In the listing that follows, retype every line from the first through the one containing "mortar. | ||||". Pictures are to be left out.
Recorded information Start Marker
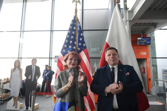 Na zdjęciu: Ambasador USA w Polsce Georgette Mosbacher i prezes zarządu PLL LOT Rafał Milczarski podczas symbolicznego rozpoczęcia programu ruchu bezwizowego na lotnisku Okęcie w Warszawie
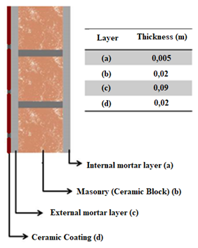 | Figure 1. Evaluated constructive system: (a) ceramic tile; (b) external mortar/plaster; (c) ceramic block; (d) internal mortar. | ||||
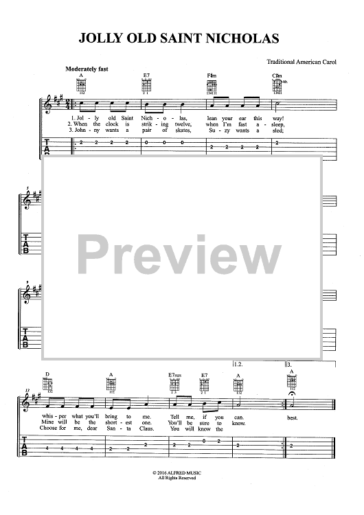 Digital Sheet Music for Jolly Old Saint Nicholas by Traditional American Carol scored for Easy Guitar Tab/Vocal/Chords; id:463648
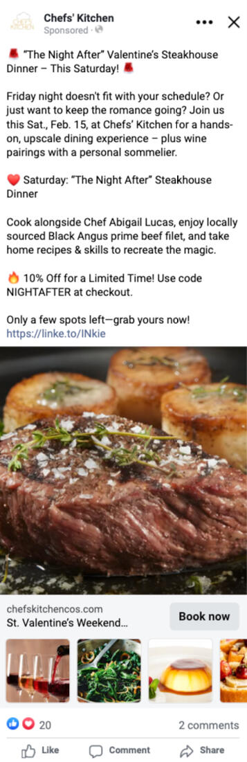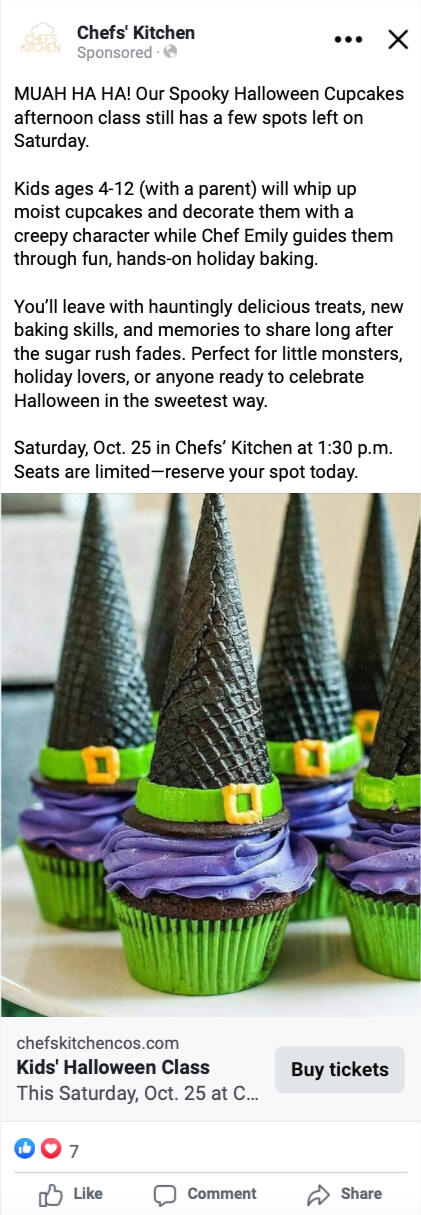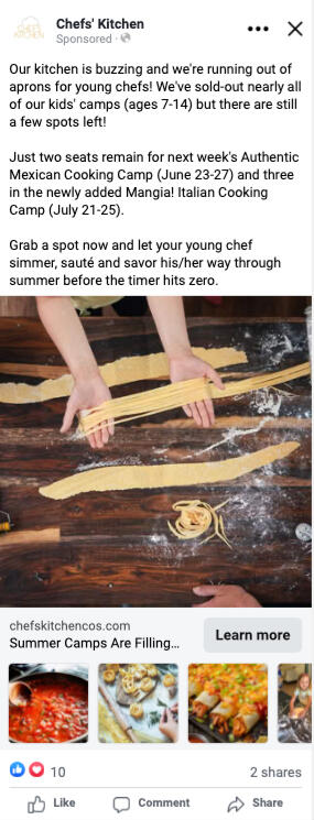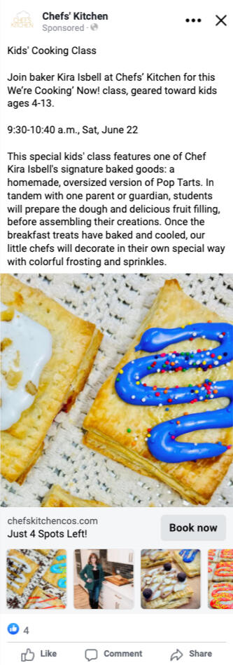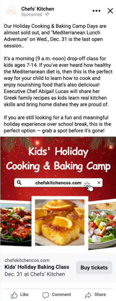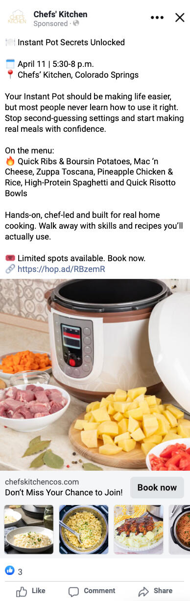 Chefs’ Kitchen is an industrial kitchen that partnered with the owner of We’re Cookin’ Now! to offer ticketed cooking events to locals and their kids in the Colorado Springs area. I was hired to sell event tickets through paid social ads and to remarket to the database with additional SMS and email sequences.
Recorded information End Marker
§ **Answer box**
 Na zdjęciu: Ambasador USA w Polsce Georgette Mosbacher i prezes zarządu PLL LOT Rafał Milczarski podczas symbolicznego rozpoczęcia programu ruchu bezwizowego na lotnisku Okęcie w Warszawie
 | Figure 1. Evaluated constructive system: (a) ceramic tile; (b) external mortar/plaster; (c) ceramic block; (d) internal mortar. | ||||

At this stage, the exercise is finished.